'West lost its leeway to influence Russia with sanctions'

19 Mar, 2014 04:15 / Updated 11 years ago

Additional sanctions introduced against Russia target the wrong people and are “incompetent,” political analyst Dmitry Babich of the Voice of Russia told RT, adding that the West lost its leeway to influence Russia with sanctions more than a decade ago.

RT:President Putin made quite a powerful address - do you think what he said has made Russia's position on Crimea and the Ukrainian crisis any clearer to the rest of the world?

Dmitry Babich: If people in the West bothered to read his speech in full, I think they are going to be impressed, but I am afraid they are going to satisfy themselves with quotes which already have been carefully prepared by the mainstream media, which shall be used to present Russia’s position in a false light. Even Putin’s critics inside Russia, who may be not very sympathetic with the inclusion of Crimea into the Russian Federation, even they will recognize the historical part of Putin’s speech, that his explanation of historic facts that led to this situation was pretty precise.

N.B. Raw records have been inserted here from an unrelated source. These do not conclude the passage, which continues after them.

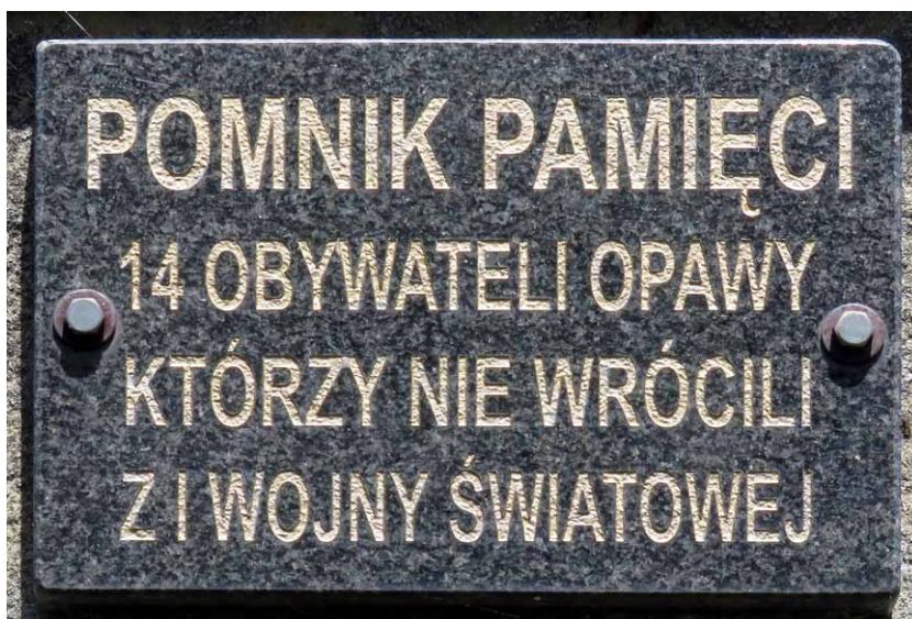
Powojenna tablica w języku polskim

POMNIK PAMIĘCI 14 OBYWATELI OPAWY KTÓRZY NIE WRÓCILI Z I WOJNY ŚWIATOWEJ
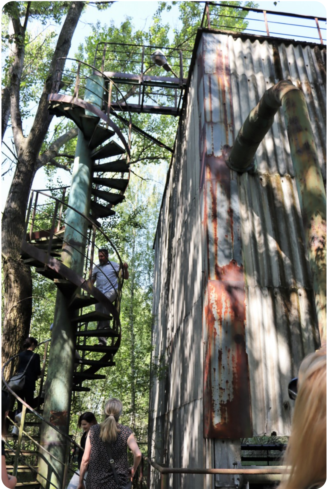
Wizyta studyjna w ramach projektu exchange EU
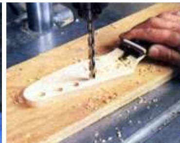
9. Trace cuidadosamente los espacios de los agujeros para las clavijas y perfórelos usando un taladro de banco. Se utiliza una tabla como respaldo para evitar el hacer desgarraduras.
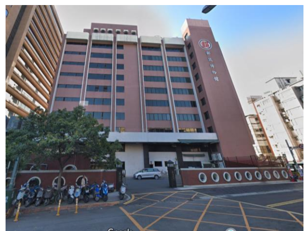
位於牯嶺街上的貨車卸貨區(郵政博物館後門)

RT:We’ve already heard some reaction from the West - the UK foreign secretary said he “regrets that President Putin has chosen the route to isolation” by deciding to incorporate Crimea - do you believe isolation is what really awaits Russia?

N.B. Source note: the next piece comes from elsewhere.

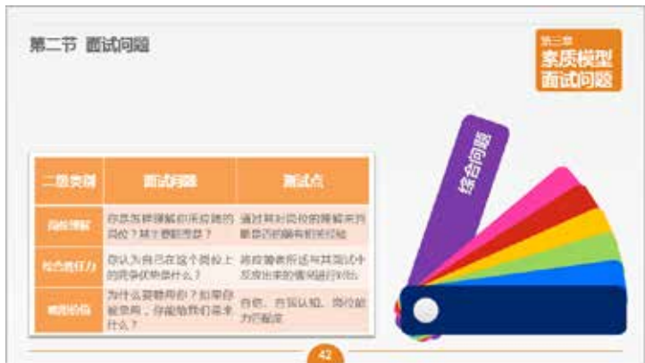
图 3-20 特异构成效果

在 PPT 中，若需要在若干个并列关系的对象中突出显示某一对象，可以采用特异结构，如图 3-20 所示。
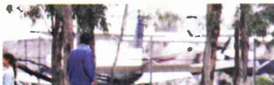
שדה תעופה מגידו.

לקריאת ראשי הרשויות בדרום הציטרפו גם ראשי רשויות רבים בצפון, הדורשים ששדה התעופה לא יוקם במינחת מגידו שבעמק יזרעאל.

DB: Sanctions which have been imposed so far were very incompetent, they hit the wrong targets. For example, Yelena Mizulina became infamous in the West because she was one of the initiators of the law on banning homosexual propaganda to minors, but she had a very distant relationship to what happened in Crimea. My impression is that the West’s leaders have just chosen the people who are most hated by the mainstream Western press and by the liberal Russian press and included them all in that list.

I am not sure that future steps of the Western governments will be any wiser. Also, the West shot itself in the foot because there were so many threats before, there were so many indirect sanctions already imposed on Russia. And now when they decided to impose real sanctions they have no leeway. For example, the West threatened to put on hold negotiations on the visa-free regime between Russia and the EU. The problem is that these negotiations had been going on for 10 years. They were initiated by Putin 10 years ago in 2003 and so far they didn’t yield any result, primarily because of the position of the EU. So now, when they say, “We are going to out them on hold,” it is not going to press many Russians because we already expect these negotiations to last for 20, 30, maybe 40 years. So by its anti-Russian position in its 15 preceding years, the West incapacitated itself for imposing real sanctions right now.

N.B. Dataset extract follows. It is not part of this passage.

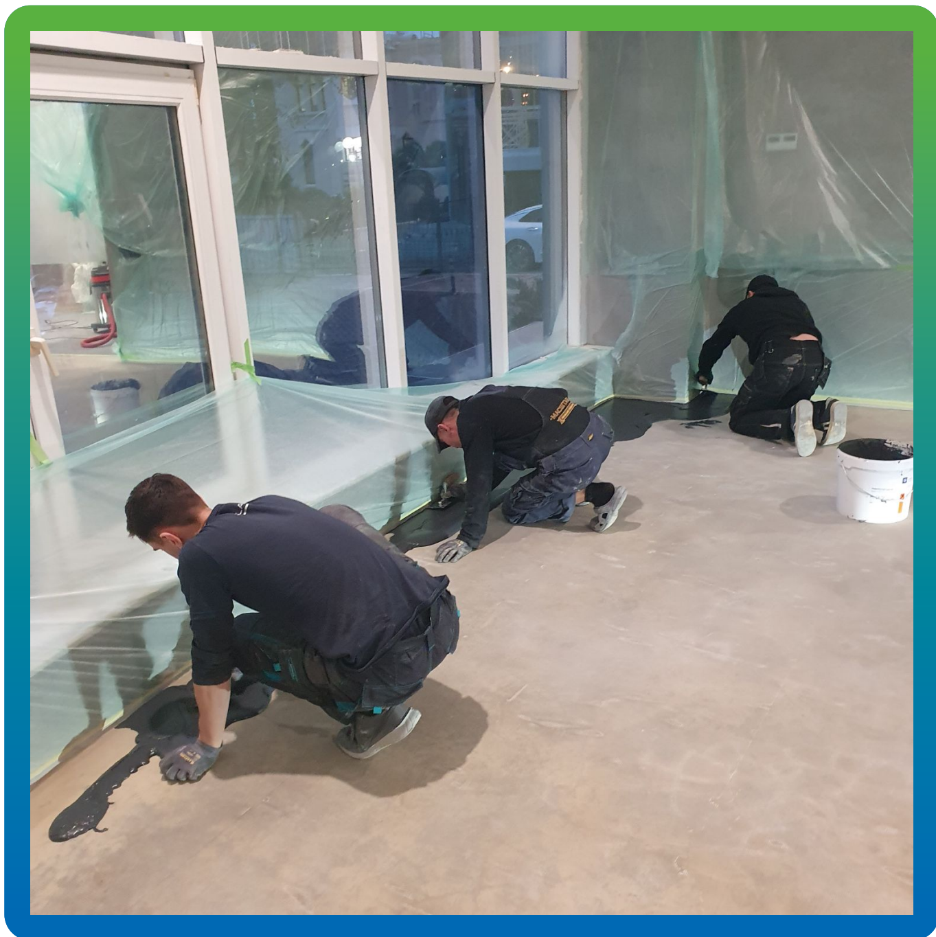
Нанесение первого слоя состава Микротоп База

RT:Vladimir Putin also addressed the Ukrainian people, urging them not to believe that Russia is looking to split the country. Does that mean that eastern Ukraine - which has also been pushing for referendum - won't face a scenario similar to the one in Crimea?

DB: Putin made it very clear that he does not have the same scenario for Donetsk and Kharkov as the one that had to be used in Crimea. It is very clear that it was not Russia who split Ukraine, it was the Ukrainian nationalists who did in a violent seizure of power in Kiev, and by their preceding policies. For 23 years that Ukraine was independent there was no effort made to make Russian-speaking people in Ukraine feel at home. Instead of creating a multi-ethnic state, where all minorities would feel Ukrainian, instead of creating a civic nation, the Ukrainian presidents from the very beginning have been splitting Ukraine by not giving Russian a status of a state language or even of an official language. What happened in Crimea was a reaction to what happened in Kiev weeks before. I don’t think the same scenario is possible in Kharkov. Let’s not forget that Kharkov was the capital of Soviet Ukraine in the 20s and 30s. There are many Ukrainian-speaking people living in the area around Kharkov. With Crimea, it is indeed a special case because it was lumped together with what was then the Ukrainian Socialist Republic in 1954 by an arbitrary decision of the Soviet leader Nikita Khrushchev and Putin’s speech characterized that regime as totalitarian. He made it clear that what we do is not gain new territories, it is primarily about protecting the people of Crimea.

RT:Ukraine, just like most Western countries, says it doesn't recognize Crimea as an independent state - but would their recognition or lack of it really change anything?

DB: It will not change anything. We already had this experience with South Ossetia and Abkhazia, which had not been recognized by the West, but somehow they survived. The West says that these territories are occupied by Russia - that is a blatant lie. It is enough to go to Abkhazia and see that it is run by Abkhazians. Russia just provides protection from possible takeover from Georgian authorities. It is clear the Crimea will never return to Ukraine because the Crimean people don’t want it. They made it very clear.